Well, true except for the pre-Crisis Earth-One anyway, which depending on which decade one views Superboy as having debuted in, didn't have any superheroes during World War II...
True, but not ENTIRELY true. Nightwing pointed out that BRAVE AND THE BOLD had the Earth-1 Manhunter active on Earth-1 at the same time as his Earth-2 counterpart - making him the one World War II hero active at the same time on both earths. Also, Superboy’s early adventures are set clearly in the 1930s, at least at the beginning; like the Marvel Heroes, the date of Superboy’s adventures have “slid” further and further up as time went on. In one of the two-parters for SUPERBOY AND THE LEGION OF SUPER-HEROES (the one right after they fight Grimbor the Chainsman) the Legion returns to the era Superboy lived in, and it was clearly the 1960s, down to the black and white televisions and underground nuclear testing.
The look, feel and staple accessories of superhero comics -- sleek spaceships, outlandish costumes, ray guns -- were created during the 1940s, and have a sort of late Art Nouveau quality, so it makes sense that, when creating a superhero-populated universe, you sort of feel obliged to explain this by imputing its origins to that period. True, this may impose certain artistic restrictions on the genre; it's just a difficult thing to shake off.
This may be the most direct explanation for the phenomenon, although ray guns and rocketships were around from 1900-1960. Just the same, the World War II period seems to be the Locus for all superhero activities.
The 1930s Art Deco aesthetic is absolutely wonderful (it’s part of what makes TOM STRONG so much fun) and the patriotic “beat back the devil” directness and flag waiving of the 1940s equally so, however, superheroes are so broad that they can work with many kids of visual aesthetics, styles, and times. Lots of great superhero stuff, for example, was done with a distinct 60s counterculture vibe: Ditko’s DR. STRANGE, Jack Kirby’s JIMMY OLSEN and FOREVER PEOPLE, the AVENGERS issues that have Captain America reading Tolkien and saying “far out.”

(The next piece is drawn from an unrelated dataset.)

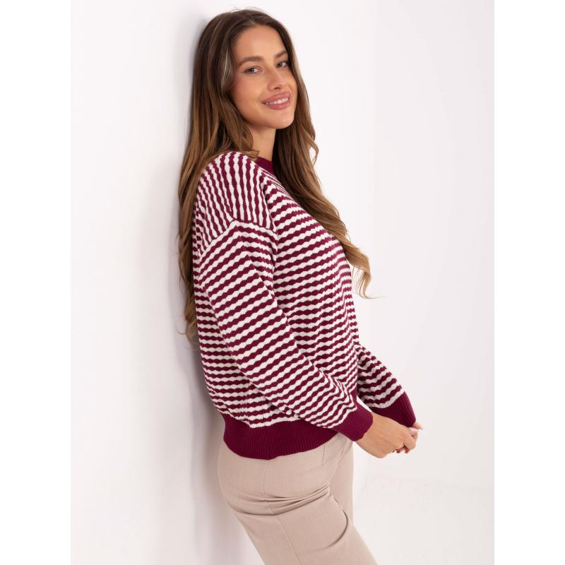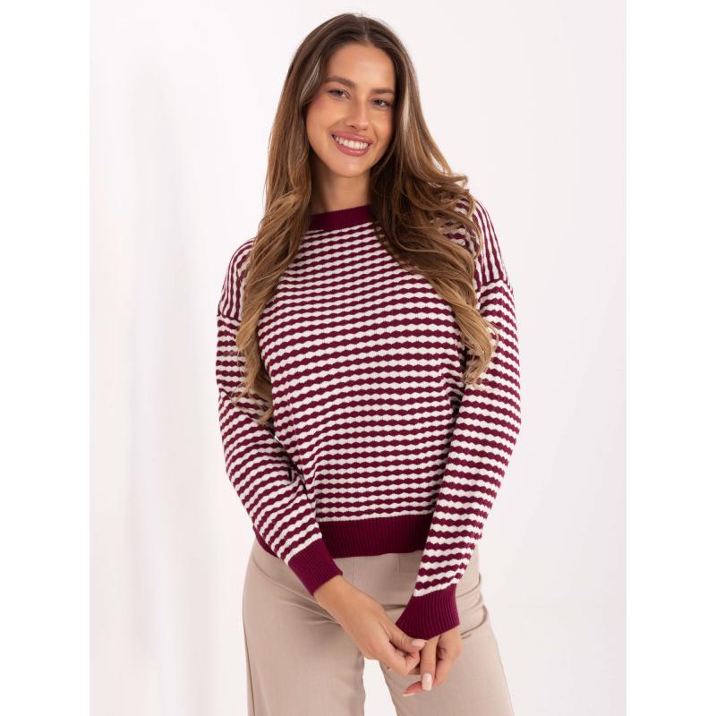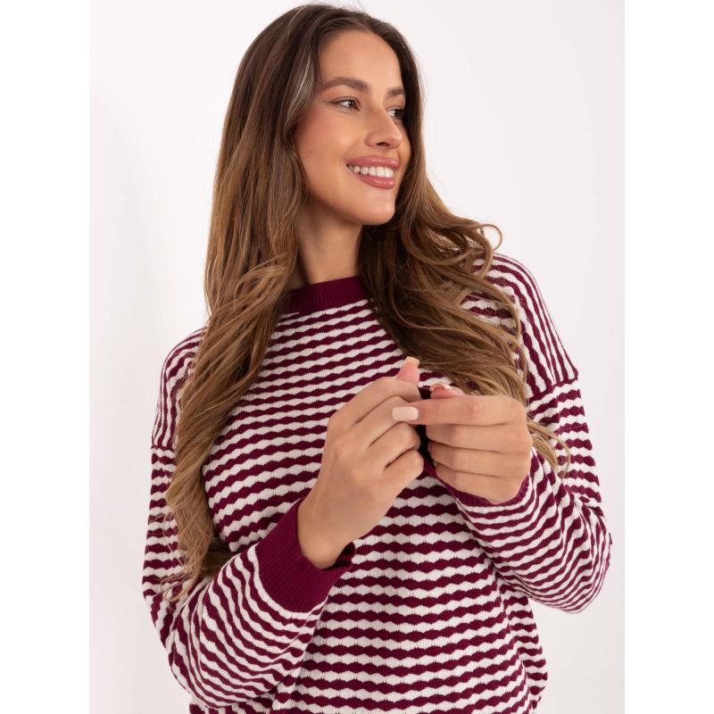 Klasszikus pulóver bordó színben, geometrikus mintával

In a way, the superhero is a sort of metaphor for the atom bomb: a very powerful thing that can change the world.
Someone once said that the world would be more different the FEWER superpowered beings there are, and the more like ours the MORE there are. The reason the Watchmen world is so different from our own is because there’s only one Doctor Manhattan. On the other hand, the reason the Marvel Universe is so much like our own, Viking Gods and Russian super-monkeys notwithstanding, is that there’s a Charles Xavier to block Magneto’s objectives, and vice-versa.

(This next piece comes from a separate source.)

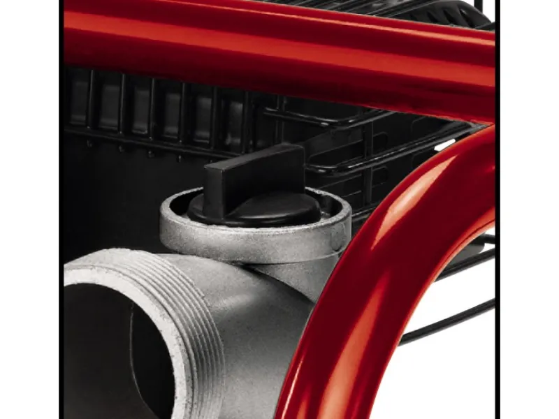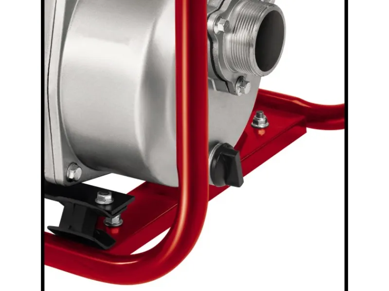Die Druckanschlüsse und der Sauganschluss sind mit einem 59,6 mm (2″) Außengewinde ausgestattet. Dank des stabilen Stahlrohr-Rahmens steht die GE-PW 46 fest und sicher. Die Pumpe verfügt über einen 4,2 l großen Tank, der längere Betriebsphasen ermöglicht. Für eine komfortable Befüllung der Pumpe ist eine Wassereinfüllschraube vorhanden, und nach dem Einsatz kann Restwasser mittels der Wasserentleerungsschraube abgelassen werden.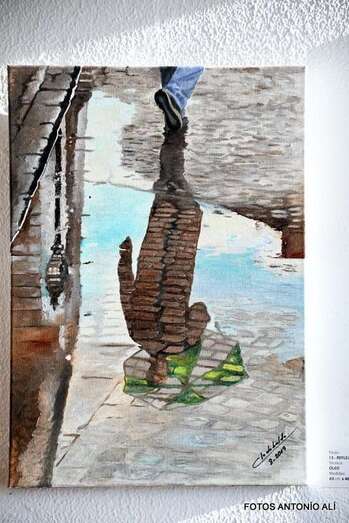 En esta muestra, Clodobaldo González ha querido "mostrar la doble vertiente en la percepción de la realidad de lo que vemos y sentimos, de lo externo y lo interno, así como la visión que nos da el agua cuando refleja matices de nuestro entorno y lo que nos puede hacer sentir".

The people he works with and fights are not unusual -- they're a normal part of his world, one that's been around over a millennium.

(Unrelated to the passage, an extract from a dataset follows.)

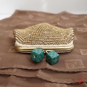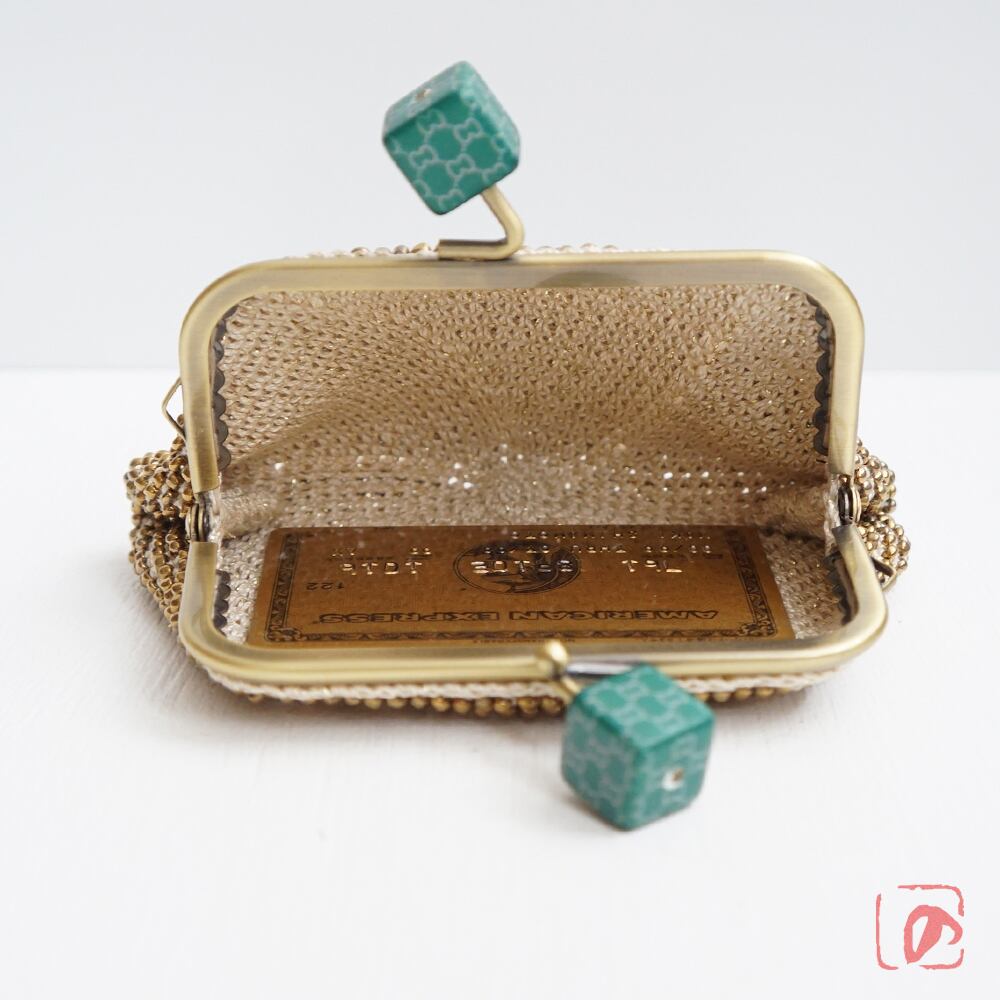 ばあば作、大きめ・総ガラスビーズのスクエアがま口(monogramm・1611)

The idea that what defines superheroes is that they are special and not a normalized a part of the way the world works that society takes into account, may not necessarily be the definition of a superhero. Some interesting work is left to be done involving a setting where superheroes and the superpowered are incorporated into a setting: the fact that superheroes exist changes how the world works, in a more profound ways than the Big Two universes.
One of the things that was most interesting and innovative things about the Silver Age Green Lantern is that he is a “cog in a vast machine,” as the DC Encyclopedia put it, someone whose superheroism is incorporated into worldbuilding: the Guardians, the other Green Lanterns, and so on.
I don't think that says anything particularly narrow about the superhero genre -- the only reason, to my mind, to think of ARROWSMITH as a superhero story is that it's a comic book, which makes the association closer.
Interesting point, that medium does play a role in classification. If Roger Zelazny’s LORD OF LIGHT or E.E. Smith’s Lensman books was anything other than prose novels – a movie, television show, a comic book, they would probably be called “superhero” due to the superpowered, confident protagonists and monsters.